• **AVAILABLE RECORDS**:
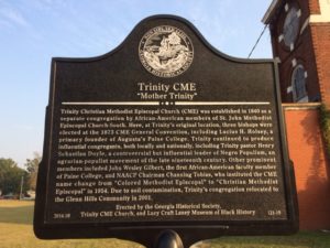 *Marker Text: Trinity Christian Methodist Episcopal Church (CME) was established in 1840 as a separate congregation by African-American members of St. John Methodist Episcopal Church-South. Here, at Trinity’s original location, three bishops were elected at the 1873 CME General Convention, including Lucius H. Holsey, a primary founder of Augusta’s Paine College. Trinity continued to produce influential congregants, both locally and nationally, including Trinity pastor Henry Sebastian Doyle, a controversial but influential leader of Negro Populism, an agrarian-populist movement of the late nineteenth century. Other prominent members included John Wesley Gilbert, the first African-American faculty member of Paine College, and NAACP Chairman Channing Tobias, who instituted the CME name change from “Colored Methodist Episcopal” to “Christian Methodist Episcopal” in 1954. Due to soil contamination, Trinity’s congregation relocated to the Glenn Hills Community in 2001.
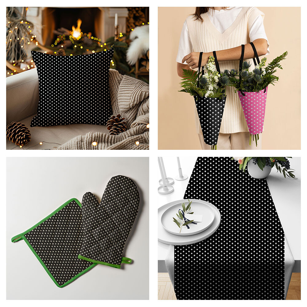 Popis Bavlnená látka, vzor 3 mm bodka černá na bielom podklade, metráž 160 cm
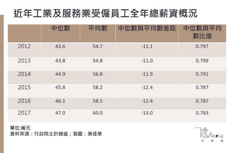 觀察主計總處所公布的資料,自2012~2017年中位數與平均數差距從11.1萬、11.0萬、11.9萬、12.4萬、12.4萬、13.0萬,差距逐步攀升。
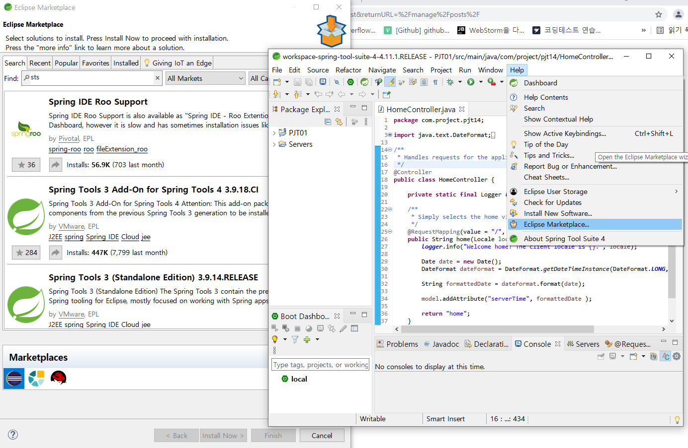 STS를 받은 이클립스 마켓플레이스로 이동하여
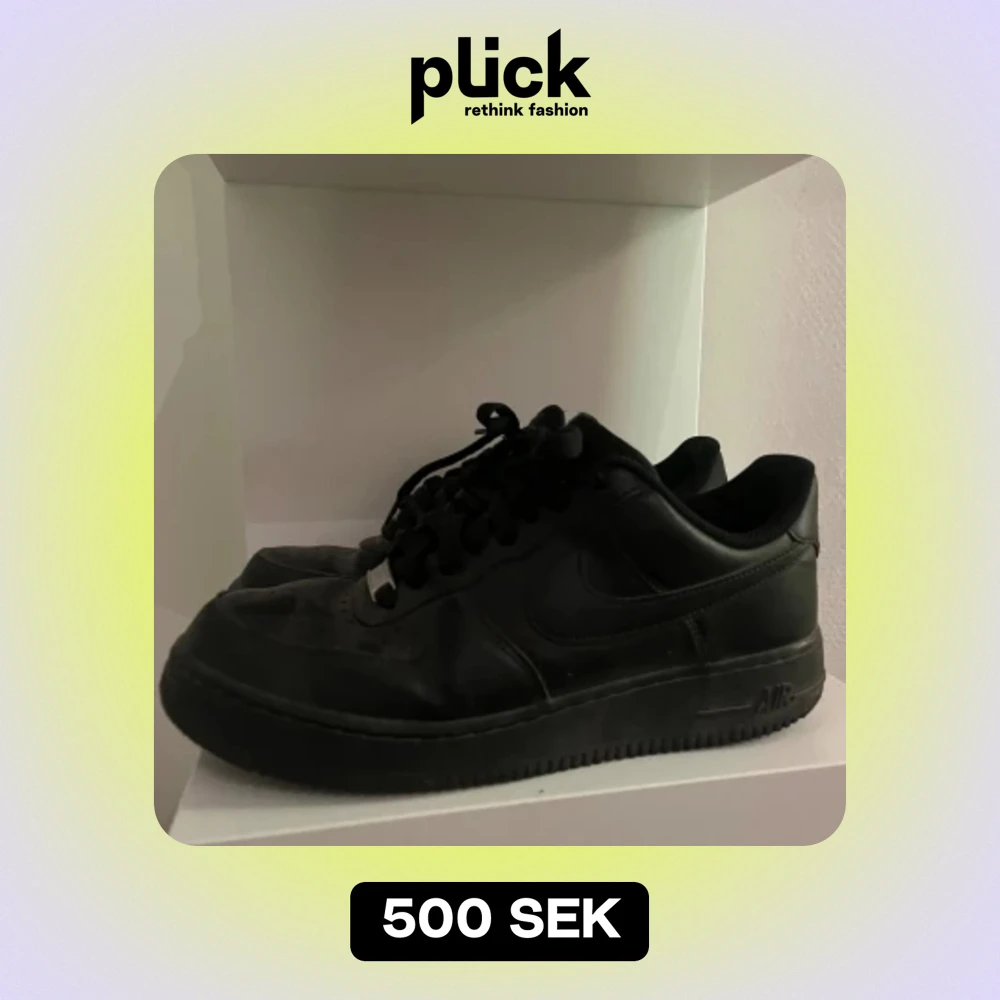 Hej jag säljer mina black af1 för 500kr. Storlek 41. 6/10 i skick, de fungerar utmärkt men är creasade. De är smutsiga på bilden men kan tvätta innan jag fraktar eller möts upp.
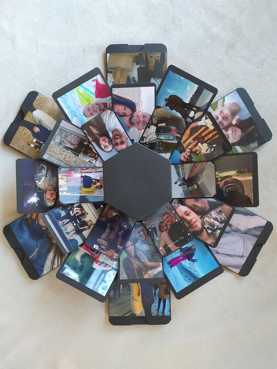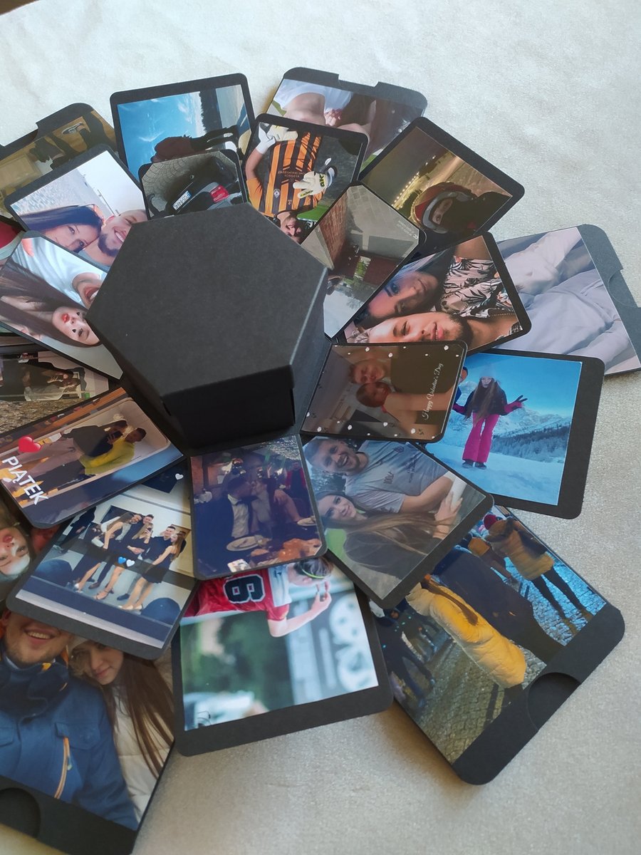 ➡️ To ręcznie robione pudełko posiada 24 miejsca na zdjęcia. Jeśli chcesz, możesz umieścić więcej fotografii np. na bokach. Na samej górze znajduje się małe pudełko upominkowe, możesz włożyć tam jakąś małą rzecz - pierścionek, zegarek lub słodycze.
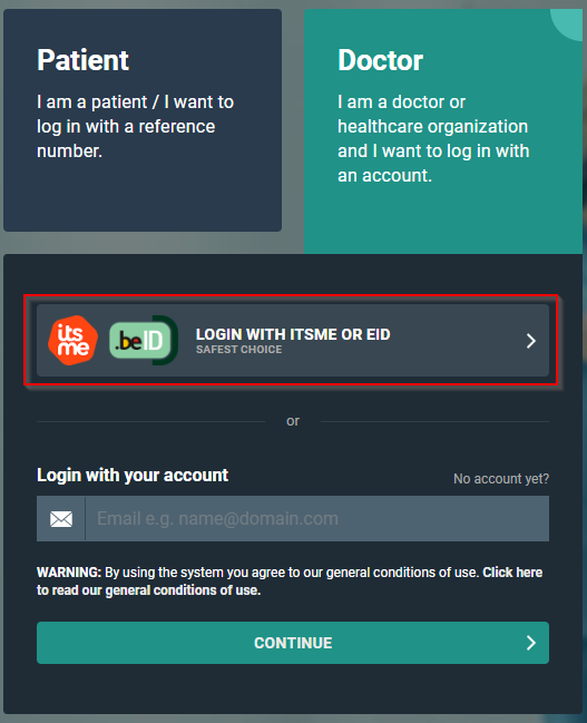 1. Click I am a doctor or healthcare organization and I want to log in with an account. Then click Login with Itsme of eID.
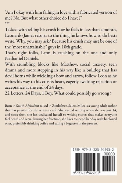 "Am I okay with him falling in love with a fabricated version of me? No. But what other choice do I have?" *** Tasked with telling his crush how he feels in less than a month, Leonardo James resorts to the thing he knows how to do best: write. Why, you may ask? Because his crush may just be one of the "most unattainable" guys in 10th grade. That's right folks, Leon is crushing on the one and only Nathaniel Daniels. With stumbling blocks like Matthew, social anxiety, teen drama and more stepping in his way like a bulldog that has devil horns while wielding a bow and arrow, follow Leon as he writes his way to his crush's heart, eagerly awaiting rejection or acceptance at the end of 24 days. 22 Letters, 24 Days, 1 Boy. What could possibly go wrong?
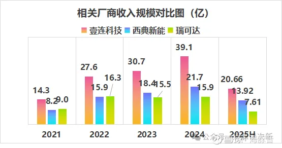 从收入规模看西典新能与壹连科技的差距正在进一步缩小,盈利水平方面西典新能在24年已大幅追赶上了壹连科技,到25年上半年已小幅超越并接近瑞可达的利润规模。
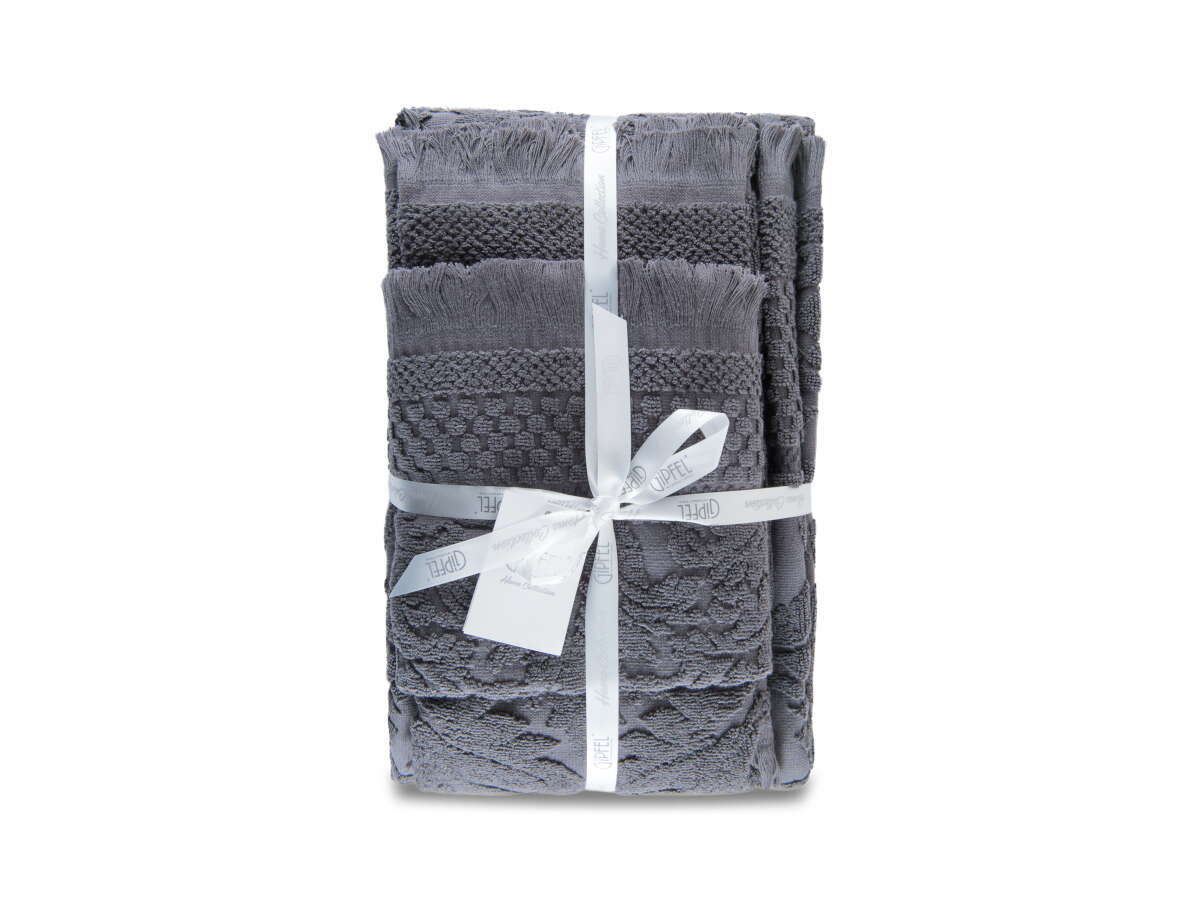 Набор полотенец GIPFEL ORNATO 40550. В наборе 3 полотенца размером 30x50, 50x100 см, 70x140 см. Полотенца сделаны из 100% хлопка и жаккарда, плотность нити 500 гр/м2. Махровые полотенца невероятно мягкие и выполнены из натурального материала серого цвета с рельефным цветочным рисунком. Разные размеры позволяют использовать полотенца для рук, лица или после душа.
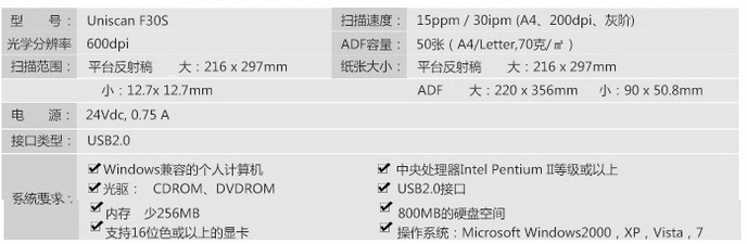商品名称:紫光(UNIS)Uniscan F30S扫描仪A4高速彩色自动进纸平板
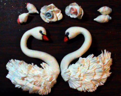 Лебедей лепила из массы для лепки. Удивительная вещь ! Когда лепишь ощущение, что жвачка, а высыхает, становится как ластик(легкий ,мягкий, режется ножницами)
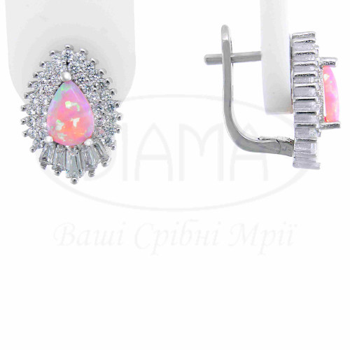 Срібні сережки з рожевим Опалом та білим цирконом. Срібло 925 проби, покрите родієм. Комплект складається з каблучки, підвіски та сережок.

• **ASSIGNMENT**: Print everything from the line with "Popis Bavlnená látka, vzor" down to the line with "zegarek lub słodycze." in the entries above, both lines included and nothing more, without the pictures.

• **TASK SOLUTION**:
 Popis Bavlnená látka, vzor 3 mm bodka černá na bielom podklade, metráž 160 cm
 觀察主計總處所公布的資料,自2012~2017年中位數與平均數差距從11.1萬、11.0萬、11.9萬、12.4萬、12.4萬、13.0萬,差距逐步攀升。
 STS를 받은 이클립스 마켓플레이스로 이동하여
 Hej jag säljer mina black af1 för 500kr. Storlek 41. 6/10 i skick, de fungerar utmärkt men är creasade. De är smutsiga på bilden men kan tvätta innan jag fraktar eller möts upp.
 ➡️ To ręcznie robione pudełko posiada 24 miejsca na zdjęcia. Jeśli chcesz, możesz umieścić więcej fotografii np. na bokach. Na samej górze znajduje się małe pudełko upominkowe, możesz włożyć tam jakąś małą rzecz - pierścionek, zegarek lub słodycze.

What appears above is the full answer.